Shake Shack’s owners celebrated the official opening of their Winthrop Street location, just steps from the Harvard University campus, on Thursday morning, despite the wintry weather.
This is the second Shake Shack to open in the Boston area. In March, the company opened their first location in The Street shopping complex in Chestnut Hill along Route 9. For weeks after the grand opening, the lines of people often stretched around the building.
The success of that location convinced the owners that they should creep closer to Boston. “Cambridge is absolutely amazing with its vibrant food culture, energized college scene, wealth of history, and central location,” said Shake Shack CEO Randy Garutti in a statement. “The response we’ve seen in Chestnut Hill over the past year has exceeded our expectations, and we’re excited to further our commitment to Boston and deepen our relationship with the local community.”
The new restaurant will kick off the New Year with location-specific custards inspired by the colleges that line Massachusetts Avenue. According to the company, on offer will be Crimson Red Velvet, a vanilla frozen custard blended with a slice of crimson red velvet cake from South End Buttery Bakery, and MInT Chocolate, a chocolate frozen custard blended with minted marshmallow sauce and chocolate truffle cookie dough.

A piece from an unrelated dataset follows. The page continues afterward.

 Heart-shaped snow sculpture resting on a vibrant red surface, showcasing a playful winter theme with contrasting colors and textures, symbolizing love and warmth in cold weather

“From opening day through the end of January, the Harvard Square Shack will serve up a special edition Hasty Pudding Milkshake … in honor of its talented neighbors The Hasty Pudding Institute of 1770—the nation’s oldest collegiate social club and theater company, which is run by Harvard students,” the company said in a press release.

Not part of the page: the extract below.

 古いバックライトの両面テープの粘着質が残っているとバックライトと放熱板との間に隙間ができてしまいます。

The new location follows in the footsteps of their other restaurants and features eco-friendly materials used to create the eatery’s interior.
The walls of the Harvard Square Shake Shack are made from reclaimed wood from a retired 19th-century paper mill at Mount Tom in Holyoke, according to the company. The restaurant also features energy-efficient kitchen equipment and lighting. Chairs and booths are made from lumber certified by the Forest Stewardship Council, and tabletops are made from reclaimed bowling alley lanes.